Provided records
▬▬▬▬▬▬▬▬▬▬

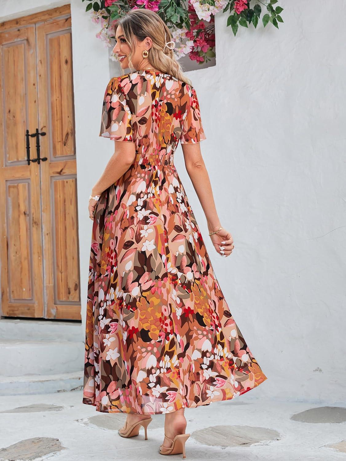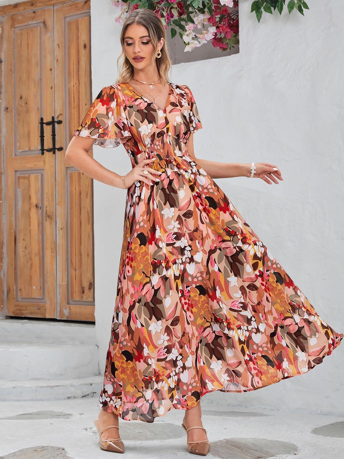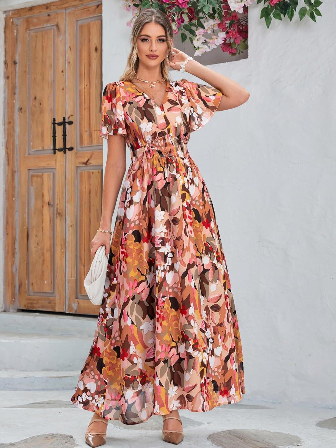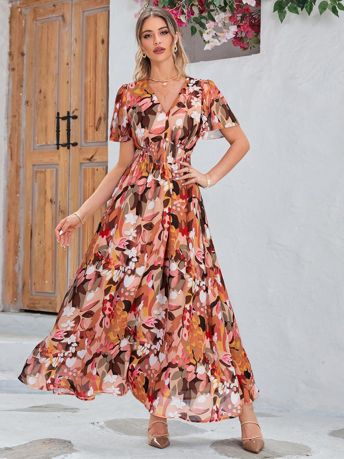 Simplee Women's Boho Floral Maxi Dress Flowy Casual V Neck Short Sleeve Wedding Guest Holiday Beach Long Dress(1#pink Orange Floral)
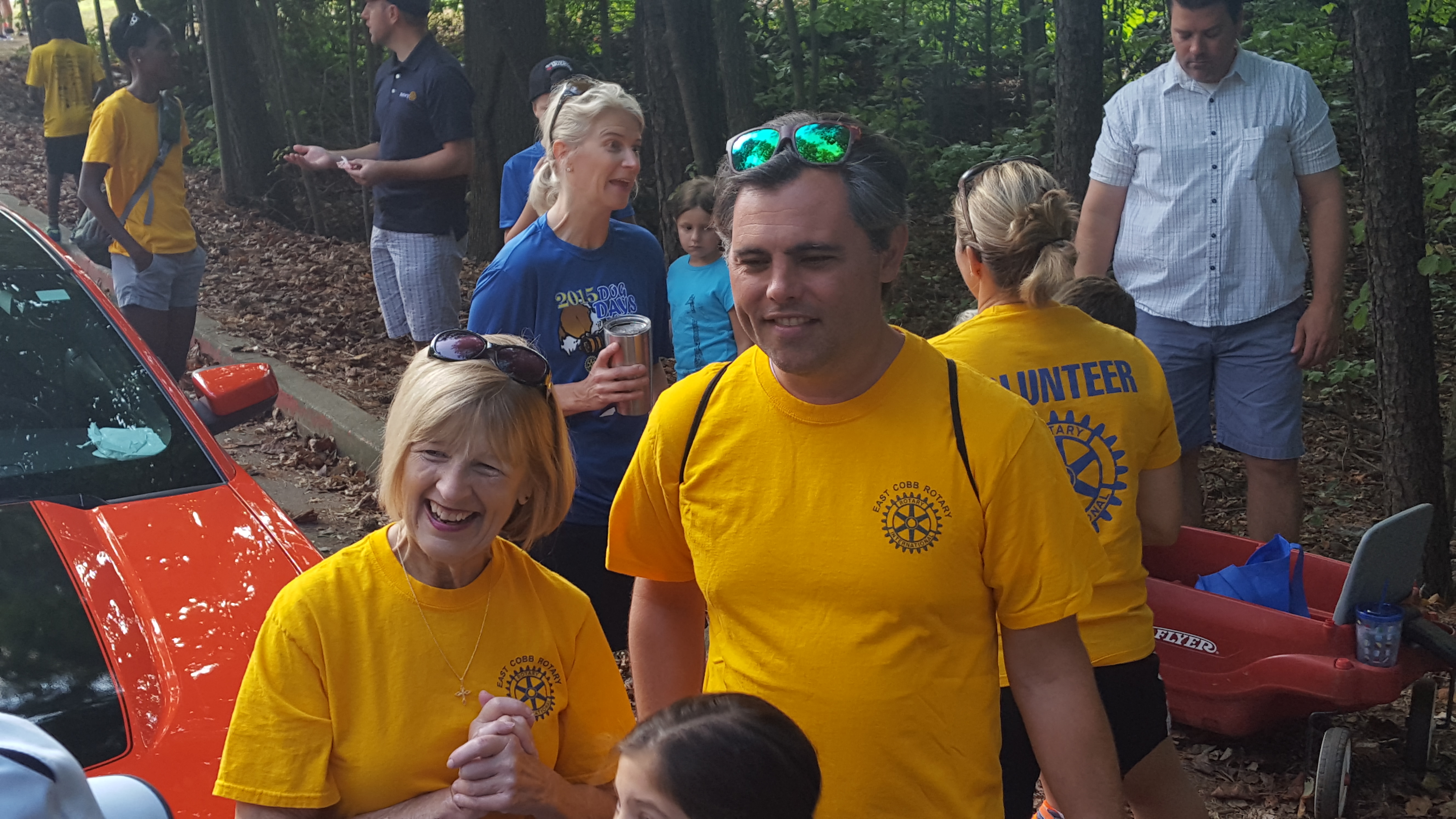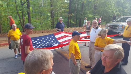 An annual, major and fun East Cobb event routinely added to East Cobb Rotary's calendar of plans is the East Cobber Parade and Festival which serves as one portion of the club's presence, participation, and public relations in the community. Our parade entry includes carrying club banners and a giant USA flag, having cars with Rotary signs, and the tossing of candy to hundreds of kids lining the parade route. Rotarians, their spouses, children, and even sometimes grandchildren, join our parade entry making an impressive sight on the main thoroughfare of Johnson Ferry Road in our East Cobb community. This year's event on Saturday, September 17, 2016 boasted 25 Rotarians and family members as lead organization in the parade carrying a large American flag which drew rounds of applause, salutes and words of gratitude. An estimated crowd of 4,000 attendees witnessed the Rotary Club of East Cobb in fine form.
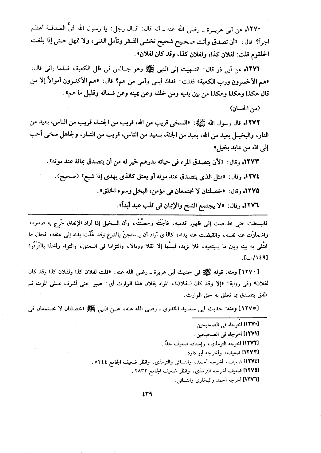 [1270] ومنه: قوله - صلى الله عليه وسلم - في حديث أبي هريرة- رضي الله عنه: (قلت لفلان كذا ولفلان كذا وقد كان لفلان) وفي رواية (إلا وقد كان لفلان)، المراد بفلان هذا الوارث أي: صبر حتى أشرف على الموت ثم طفق يتصدق بما تعلق به حق الوارث.
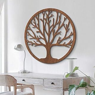 Silhouette d'arbre décoration murale en bois placage en bois d'acajou Arbre de vie, symbole de la nature : force, sagesse, fertilité Ø 60 cm
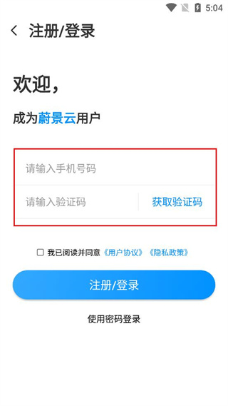 3、在注册/登录界面输入手机号码,点击获取验证码并填入收到的对应验证码。

▬▬▬▬▬▬▬▬▬▬

How to complete this task
With the images excluded, reproduce the data above precisely as written.

Task result
 Simplee Women's Boho Floral Maxi Dress Flowy Casual V Neck Short Sleeve Wedding Guest Holiday Beach Long Dress(1#pink Orange Floral)
 An annual, major and fun East Cobb event routinely added to East Cobb Rotary's calendar of plans is the East Cobber Parade and Festival which serves as one portion of the club's presence, participation, and public relations in the community. Our parade entry includes carrying club banners and a giant USA flag, having cars with Rotary signs, and the tossing of candy to hundreds of kids lining the parade route. Rotarians, their spouses, children, and even sometimes grandchildren, join our parade entry making an impressive sight on the main thoroughfare of Johnson Ferry Road in our East Cobb community. This year's event on Saturday, September 17, 2016 boasted 25 Rotarians and family members as lead organization in the parade carrying a large American flag which drew rounds of applause, salutes and words of gratitude. An estimated crowd of 4,000 attendees witnessed the Rotary Club of East Cobb in fine form.
 [1270] ومنه: قوله - صلى الله عليه وسلم - في حديث أبي هريرة- رضي الله عنه: (قلت لفلان كذا ولفلان كذا وقد كان لفلان) وفي رواية (إلا وقد كان لفلان)، المراد بفلان هذا الوارث أي: صبر حتى أشرف على الموت ثم طفق يتصدق بما تعلق به حق الوارث.
 Silhouette d'arbre décoration murale en bois placage en bois d'acajou Arbre de vie, symbole de la nature : force, sagesse, fertilité Ø 60 cm
 3、在注册/登录界面输入手机号码,点击获取验证码并填入收到的对应验证码。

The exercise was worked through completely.